TASK OBJECTIVE:
Find the line with "¼øÀ§·Î ÃÑÆò±ÕÁ¡¼ö°¡ ³ªÅ¸³µ´Ù." in the records below. Output exactly from there until after the line with "Action has earned", without pictures.

══════════════════════════════

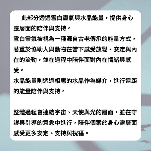 2、服務開始後,因屬於能量層面與溝通性質之個人化體驗,無法中途或事後退款,敬請理解與配合。
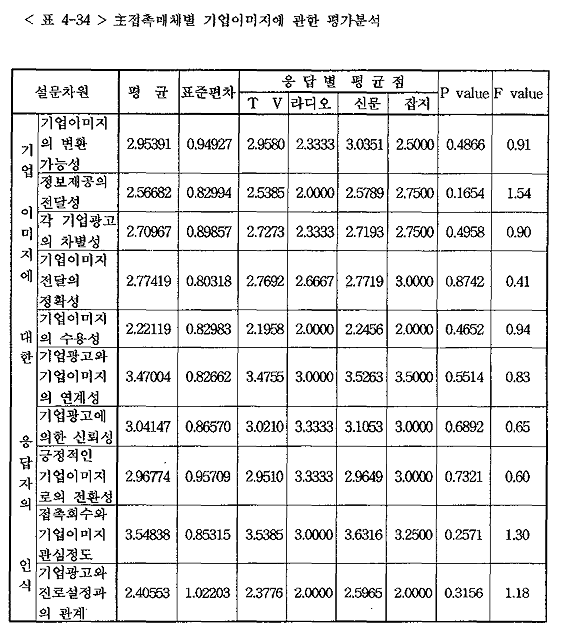 ±â¾÷±¤°í¿ÍÀÇ ÁÖÁ¢Ã˸Åü¸¦ ¹¯´Â ¼ÒºñÀÚÀÇ ÀϹÝÀû ÀνÄÀÇ ¹®Ç×°ú ±â¾÷±¤°í¿¡ µû¸¥ ±â¾÷À̹ÌÁö¿¡ ´ëÇÑ ¼ÒºñÀÚ Æò°¡¿ÍÀÇ °ü°è¸¦ À¯ÀǼöÁØ 5%·Î ºÐ¼®ÇÑ ³»¿ëÀº < Ç¥4-34 >¿Í °°ÀÌ ³ªÅ¸³µ´Ù. ³»¿ëÀº ±â¾÷À̹ÌÁöÀÇ Àü¹ÝÀûÀÎ Æò°¡¿Í Á¢Ã˸Åüº° À¯ÀǼºÀÌ Á¸ÀçÇÏÁö ¾Ê´Â °ÍÀ¸·Î ¹«ÀǹÌÇϴٴ°ÍÀ» ¹ß°ßÇÒ ¼ö°¡ ÀÖ¾ú´Ù. ¶Ç ÁÖÁ¢Ã˸Åüº° ±â´É¿¡ °üÇÑ ÀÀ´äÆò±ÕÀ» º¸¸é, TVƲ ÁÖÁ¢Ã˸Åü·Î ÀÀ´äÇÑ Áý´ÜÀÌ ±â¾÷±¤°íÀÇ ±â´É¿¡ °üÇÑ Æò°¡ÀÀ´ä¿¡ ÀÖ¾î¼ Æò±Õ 2.8552, ¶óµð¿À¶ó°í ÀÀ´äÇÑ Áý´ÜÀÌ 2.5999 , ½Å¹®À» ÁÖÁ¢Ã˸Åü¶ó°í ´ë´äÇÑ Áý´ÜÀÌ 2.9175·Î ³ªÅ¸³µ°í, ÀâÁö¶ó°í ´ë´äÇÑ ÀÀ´äÀÚµéÀÌ Æò±Õ 2.7750À¸·Î ³ªÅ¸³ªÀ¸·Î¼ Àü¹ÝÀûÀ¸·Î ÁÖÁ¢Ã˸Åü¿¡ ¸¶¸¥ ±â¾÷À̹ÌÁöÀÇ ±â´É¿¡ °üÇÑ Æò°¡´Â ½Å¹®¿¡ ÀÇÇÑ ±â¾÷±¤°íÀÇ Á¢ÃËÀÌ ±â¾÷±¤°íÀÇ ±â´É¿¡ °üÇÑ Æò°¡¿¡ °¡Àå ±àÁ¤ÀûÀÎ ¿µÇâÀ» ¹ÌÄ£´Ù°í ºÐ¼®µÇ¾úÀ¸¸ç, ±× ´ÙÀ½ÀÌ TV, ÀâÁö, RADIOÀÇ ¼øÀ§·Î ÃÑÆò±ÕÁ¡¼ö°¡ ³ªÅ¸³µ´Ù.
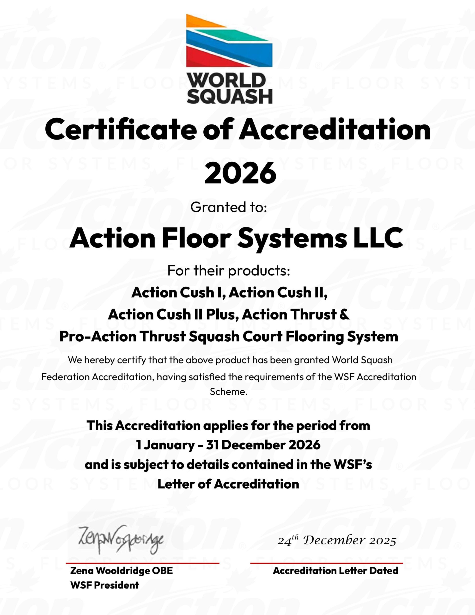 Action has earned approval to be listed as a WSF Accredited Court Manufacturer. This worldwide sports authority maintains strict accreditation requirements for products that are allowed to feature WSF Approval statements.
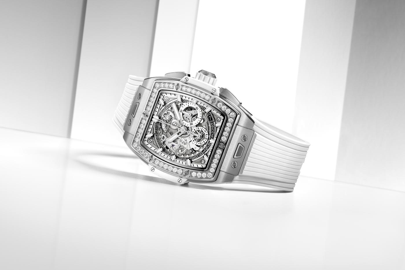 Spirit of Big Bang Titanium White Diamonds Spirit of Big Bang Titanium White Diamonds 42MM ... • Suggested retail price ((% country %)(% tax %)) Add or remove this watch from your wishlist Add or remove this watch from your wishlist problem adding to cart. please try again. ADD TO CART MAKE AN APPOINTMENT MAKE AN APPOINTMENT A perfect fusion between tradition and innovation – in an entirely skeletonized design. EXCLUSIVE SERVICES Join Hublotista, Extend Warranty + Join Hublotista, Extend Warranty Join our community to extend your watch warranty by an additional year (conditions apply) and access exclusive events. Learn more FREE SERVICE + FREE SERVICE By purchasing your watch on the official Hublot website or at Hublot Boutiques, take advantage of a complimentary complete service valued at up to CHF 1,000, ensuring your watch’s optimal performance and longevity. Learn more EXPECTED DELIVERY + EXPECTED DELIVERY Expected delivery within 4 to 8 working days after reception of the payment. *Subject to availability* FREE DELIVERY & RETURNS + FREE DELIVERY & RETURNS Enjoy the savings of complimentary shipping plus the convenience of simple and free returns. SECURE PAYMENT + SECURE PAYMENT Use the latest payment technologies. All online purchases are fast, secure and ensure your personal information is protected. GIFT POUCH + GIFT POUCH Make your purchase more special, with our complementary gift pouch SHOW MORESHOW LESS Get help with an online purchase. For any questions, including technical help: Telephone +41 22 990 99 80 Email eboutique@hublot.com Share Select how you want to share this page. Link to share: An error occurred. Link copied successfully. Case Satin-finished and Polished Titanium Strap White Structured Lined Rubber Straps Water Resistant 100m or 10 ATM Power Reserve 50 HOURS See all specs BEHIND THE SCENES OUR CRAFTSMANSHIP Movements HUB4700 The HUB4700 caliber is the successor to the famous El Primero caliber - the first chronograph with an integrated style automatic winding (1969), which was also the first mechanical chronograph equipped with a 5 Hz frequency (36’000 alt/h) allowing an accuracy of 1/10th of a second. In a perfect fusion between tradition and innovation, this entirely skeletonized movement is now equipped with silicon regulating element ensuring avant-garde performances, precision and reliability. Learn more Materials Titanium Titanium is extensively used by Hublot, specifically for its lightness. It displays the best relationship between resistance and weight of any material, which makes it an extremely popular material especially within aeronautics. It also stands out with its resistance to corrosion and its inertia in contact with the skin. Hublot only uses high quality, grade 5 titanium, the strongest there is. Once polished, this material retains a slightly bluish metallic sheen. Learn more DESIGN FIND THE PERFECT STRAP FOR YOUR HUBLOT Use our custom strap configurator EXPLORE Spirit of Big Bang Titanium White Diamonds ... Add or remove this watch from your wishlist ADD TO WISHLIST REMOVE FROM WISHLIST SHARE MAKE AN APPOINTMENT ADD TO CART MAKE AN APPOINTMENT Open Nav Go to the top Online and in Boutique exclusive Includes a Hublot complete service. The Hublot Complete Service ensures our select watches continue to move with precision. Learn more technical specifications case reference 642.NE.2010.RW.1204 Size 42 mm case Satin-finished and Polished Titanium bezel Satin-finished and Polished Titanium Set with 48 Diamonds, 6 H-shaped Titanium Screws water resistance 100m or 10 ATM crystal Sapphire with Anti-reflective Treatment dial Sapphire Crystal Dial movement movement HUB4700 Self-winding Skeleton Chronograph Movement power reserve 50 Hours strap & clasp strap White Structured Lined Rubber Straps clasp Titanium Deployant Buckle Clasp More in Chronograph Spirit of Big Bang Black Magic 42 mm ... • Suggested retail price ((% country %)(% tax %)) Add or remove this watch from your wishlist Spirit of Big Bang King Gold 42 mm ... • Suggested retail price ((% country %)(% tax %)) Add or remove this watch from your wishlist Spirit of Big Bang King Gold Ceramic 42 mm ... • Suggested retail price ((% country %)(% tax %)) Add or remove this watch from your wishlist Spirit of Big Bang King Gold Diamonds 42 mm ... • Suggested retail price ((% country %)(% tax %)) Add or remove this watch from your wishlist Spirit of Big Bang King Gold Pavé 42 mm ... • Suggested retail price ((% country %)(% tax %)) Add or remove this watch from your wishlist Spirit of Big Bang King Gold Rainbow 42 mm ... • Suggested retail price ((% country %)(% tax %)) Add or remove this watch from your wishlist Spirit of Big Bang Titanium 42 mm ... • Suggested retail price ((% country %)(% tax %)) Add or remove this watch from your wishlist Spirit of Big Bang Titanium Ceramic 42 mm ... • Suggested retail price ((% country %)(% tax %)) Add or remove this watch from your wishlist Spirit of Big Bang Titanium Diamonds 42 mm ... • Suggested retail price ((% country %)(% tax %)) Add or remove this watch from your wishlist Spirit of Big Bang Titanium Pavé 42 mm ... • Suggested retail price ((% country %)(% tax %)) Add or remove this watch from your wishlist KEEP ME UPDATED I want to stay up to date with the latest Hublot news. sign up
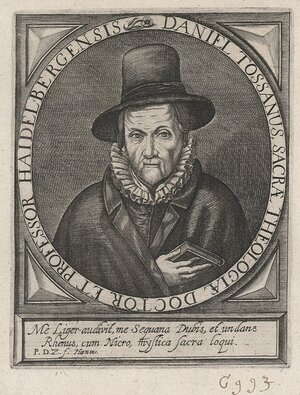 Der Kupferstich zeigt vor einem Fenster- oder Torbogen das Brustbild des reformierten Theologen Zacharias Ursinus (latinisierte Form des Namens Baer; 1534-1583). In seiner Heimatstadt Breslau wurde Ursinus bereits in jungen Jahren durch den Reformator Ambrosius Moibanus (1494-1554) beeinflusst. Während seines Studiums in Wittenberg schloss er sich Philipp Melanchthon (1497-1560) an. Auf Reisen nach Frankreich und in die Schweiz kam er in Kontakt zu den Reformatoren Heinrich Bullinger (1504-1575), Petrus Martyr Vermigli (1499-1562) und Johannes Calvin (1509-1564). Von Kurfürst Friedrich III. von der Pfalz, einem Anhänger der Reformierten, wurde er 1563 als Hofprediger nach Heidelberg berufen. 15 Jahre lang lehrte er an der dortigen Universität und war an der Verfassung des Heidelberger Katechismus beteiligt, der zum am weitesten verbreiteten Katechismus der reformierten Kirchen werden sollte. Unter dem lutherischen Sohn und Nachfolger Ludwig VI. wurde Ursinus entlassen, fand jedoch unter PfalzgrafJohann Casimir, einem Anhänger des reformierten Bekenntnisses, Anstellung im Collegium Casimirianum, einer nur fünf Jahre lang bestehenden reformierten Hochschule in Neustadt an der Haardt. [Johanna Kätzel]
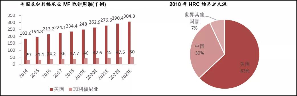 图: 加州IVF取卵周期及HRC患者来源,来源: 西南证券

══════════════════════════════

TASK OUTPUT:
 ±â¾÷±¤°í¿ÍÀÇ ÁÖÁ¢Ã˸Åü¸¦ ¹¯´Â ¼ÒºñÀÚÀÇ ÀϹÝÀû ÀνÄÀÇ ¹®Ç×°ú ±â¾÷±¤°í¿¡ µû¸¥ ±â¾÷À̹ÌÁö¿¡ ´ëÇÑ ¼ÒºñÀÚ Æò°¡¿ÍÀÇ °ü°è¸¦ À¯ÀǼöÁØ 5%·Î ºÐ¼®ÇÑ ³»¿ëÀº < Ç¥4-34 >¿Í °°ÀÌ ³ªÅ¸³µ´Ù. ³»¿ëÀº ±â¾÷À̹ÌÁöÀÇ Àü¹ÝÀûÀÎ Æò°¡¿Í Á¢Ã˸Åüº° À¯ÀǼºÀÌ Á¸ÀçÇÏÁö ¾Ê´Â °ÍÀ¸·Î ¹«ÀǹÌÇϴٴ°ÍÀ» ¹ß°ßÇÒ ¼ö°¡ ÀÖ¾ú´Ù. ¶Ç ÁÖÁ¢Ã˸Åüº° ±â´É¿¡ °üÇÑ ÀÀ´äÆò±ÕÀ» º¸¸é, TVƲ ÁÖÁ¢Ã˸Åü·Î ÀÀ´äÇÑ Áý´ÜÀÌ ±â¾÷±¤°íÀÇ ±â´É¿¡ °üÇÑ Æò°¡ÀÀ´ä¿¡ ÀÖ¾î¼ Æò±Õ 2.8552, ¶óµð¿À¶ó°í ÀÀ´äÇÑ Áý´ÜÀÌ 2.5999 , ½Å¹®À» ÁÖÁ¢Ã˸Åü¶ó°í ´ë´äÇÑ Áý´ÜÀÌ 2.9175·Î ³ªÅ¸³µ°í, ÀâÁö¶ó°í ´ë´äÇÑ ÀÀ´äÀÚµéÀÌ Æò±Õ 2.7750À¸·Î ³ªÅ¸³ªÀ¸·Î¼ Àü¹ÝÀûÀ¸·Î ÁÖÁ¢Ã˸Åü¿¡ ¸¶¸¥ ±â¾÷À̹ÌÁöÀÇ ±â´É¿¡ °üÇÑ Æò°¡´Â ½Å¹®¿¡ ÀÇÇÑ ±â¾÷±¤°íÀÇ Á¢ÃËÀÌ ±â¾÷±¤°íÀÇ ±â´É¿¡ °üÇÑ Æò°¡¿¡ °¡Àå ±àÁ¤ÀûÀÎ ¿µÇâÀ» ¹ÌÄ£´Ù°í ºÐ¼®µÇ¾úÀ¸¸ç, ±× ´ÙÀ½ÀÌ TV, ÀâÁö, RADIOÀÇ ¼øÀ§·Î ÃÑÆò±ÕÁ¡¼ö°¡ ³ªÅ¸³µ´Ù.
 Action has earned approval to be listed as a WSF Accredited Court Manufacturer. This worldwide sports authority maintains strict accreditation requirements for products that are allowed to feature WSF Approval statements.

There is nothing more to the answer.